Use only 1 HEAD and 1 streaming GET request in `RangeStream`

lmmx commented 3 years ago

The existing interface for RangeStream is fine, but what it does internally should change. There should be only one streaming GET request, and all ranges added to this stream will not have their own RangeResponse but a simulated version derived from modifying the original, total range.

This is motivated by the discussion for PngStream in #28 in which I noticed the slow performance of the chunk populating method which relies on sending range requests for the next chunk after determining their location:

You can imagine rewriting it by simply changing what the add method does (split off a subdivision of the total range) and what happens upon initialisation if no range is passed in (a streaming request for the total range instead of a head request).

This was essentially a misunderstanding in the design phase of how to use these streams, and should be fairly simple to change over since it’s tested pretty thoroughly.
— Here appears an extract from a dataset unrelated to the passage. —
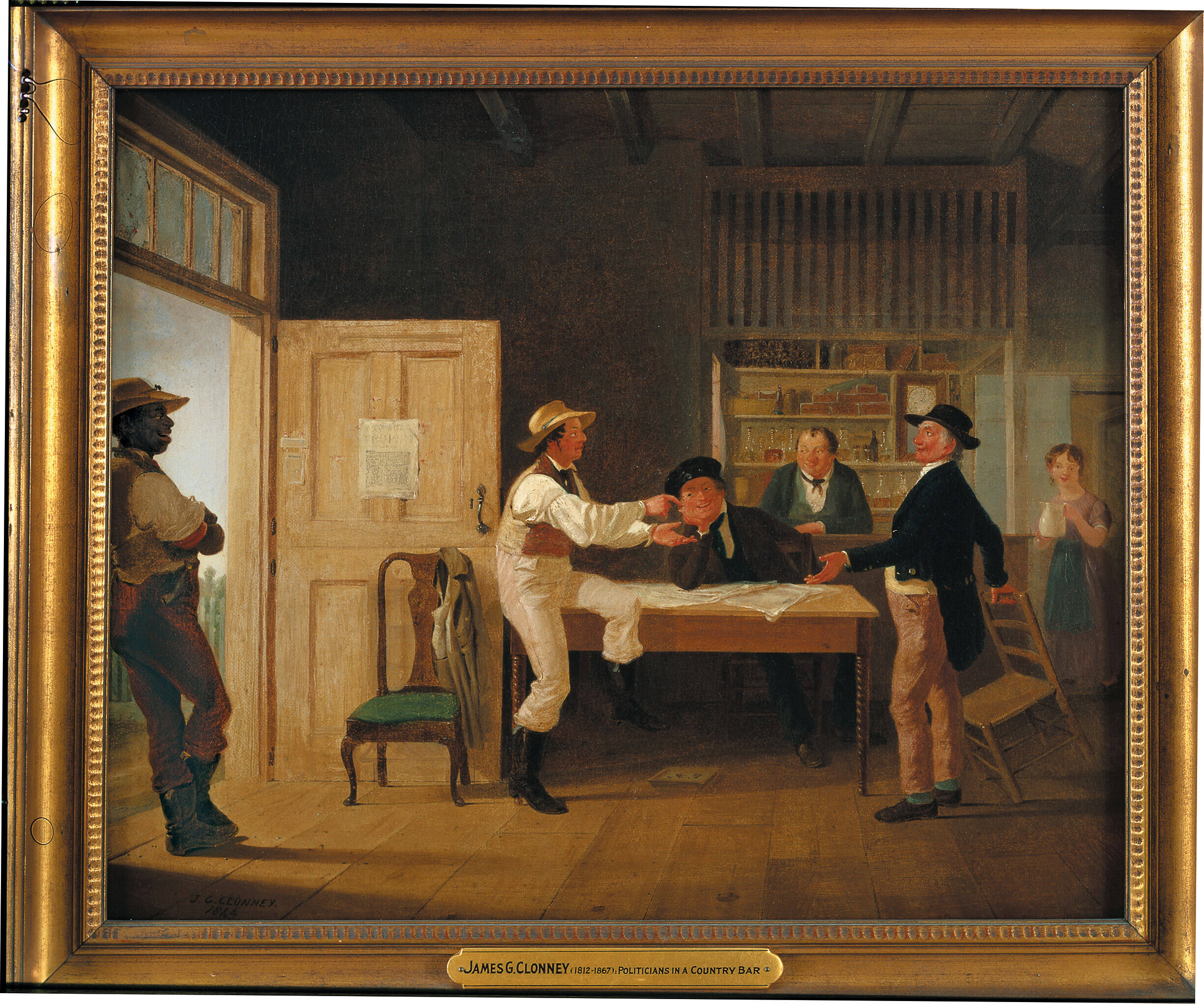 Label TextPolitical discussions, and indeed arguments, have always been a vital part of American life and regularly appear as the subject of paintings during the 19th century. Country taverns, a meeting place for both local residents and travelers, were often where opposing ideas met. Clonney's depiction of two antagonists arguing while amused bystanders look on represents American democracy at work. Even in this humorous rendition, however, Clonney reflects the real political and social status of women and African-Americans by placing these figures at the margins of the composition. Clonney's unsophisticated style, even spacing of forms, and flat modeling contrast with the more complex work of his peers, yet his simplicity captures an accurate glimpse of rural 19th-century life.Exhibition History“Rediscovered Painters of Upstate New York,” New York Historical Society, NY, February 1, 1959 – February 28, 1959; Syracuse Museum of Fine Arts, Syracuse, NY, January 4, 1959 – January 25, 1959; Munson-Williams-Proctor Arts Institute, Utica, NY, November 30, 1958 – December 21, 1958; Albany Institute of History and Art, Albany, NY, October 30, 1958 – November 20, 1958; Rochester Memorial Art Gallery, Rochester, NY, September 26, 1958 – October 21, 1958; New York State Historical Association, Cooperstown, NY, June 14, 1958 – September 15, 1958.

The only weirdness may be from having a single response… so maybe that should be ‘faked’ by changing the values and making them as copies…? Unclear if worth the memory toll though

Expect will need some mechanism to ‘gate’ ranges so reading past the end behaves as expected

For testing, perhaps switch over gradually with a flag in the init (singlestream=False) that gets toggled to True once stable and eventually removed in future versions?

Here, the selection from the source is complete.